2

I would like to be able to assign values to class' attributes without specifying them.

What i would like to make work

A)


class HoldingStuff(object):

    def __init__(self, **args):
        self.a = 1
        self.b = '1'
        self.c = 2
        self.d = '3'
        self.e = 4
        for arg in args:
            self[arg] = args[arg]

first = HoldingStuff(a=5)
second = HoldingStuff(d=2, e='2')

Of course i could just use a dictionary within the class which holds the values. There is a big downside to that however, because i can not use code completion for the attributes then. Which makes them hard to reuse and find. (The attributes are an extensive list of mutable parameters for a simulation.)

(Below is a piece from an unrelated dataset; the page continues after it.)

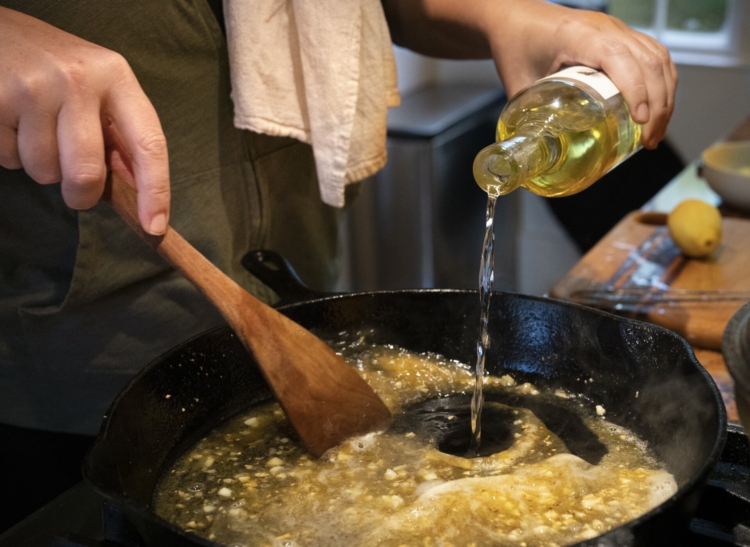 After you add the wine to the sautéing garlic, and reduce the liquid, you’ll add the mushrooms and pasta to make White Wine and Mushroom Pasta. Gregory Rec/Staff Photographer

What does work (and is unpractical)

B)


class HoldingStuff(object):

    def __init__(self, **args):
        self['a'] = 1
        self['b'] = '1'
        self['c'] = 2
        self['d'] = '3'
        self['e'] = 4
        for arg in args:
            self[arg] = args[arg]

What kinda works

C)


class HoldingStuff(MutableMapping):

    def __init__(self, **args):
        self.a = 1
        self.b = '1'
        self.c = 2
        self.d = '3'
        self.e = 4
        for arg in args:
            self[arg] = args[arg]

    def __setitem__(self, k, v) -> None:
        if k =='a':
            self.a = v
        elif k =='b':
            self.b = v
        elif k =='c':
            self.c = v
        elif k =='d':
            self.d = v
        elif k =='e':
            self.e = v
        else:
            print(k, "Not available for class.")

    def __delitem__(self, v) -> None:
        pass

    def __getitem__(self, k) -> _VT_co:
        if k =='a':
            return self.a
        elif k =='b':
            return self.b
        elif k =='c':
            return self.c
        elif k =='d':
            return self.d
        elif k =='e':
            return self.e
        else:
            print(k, "Not available for class.")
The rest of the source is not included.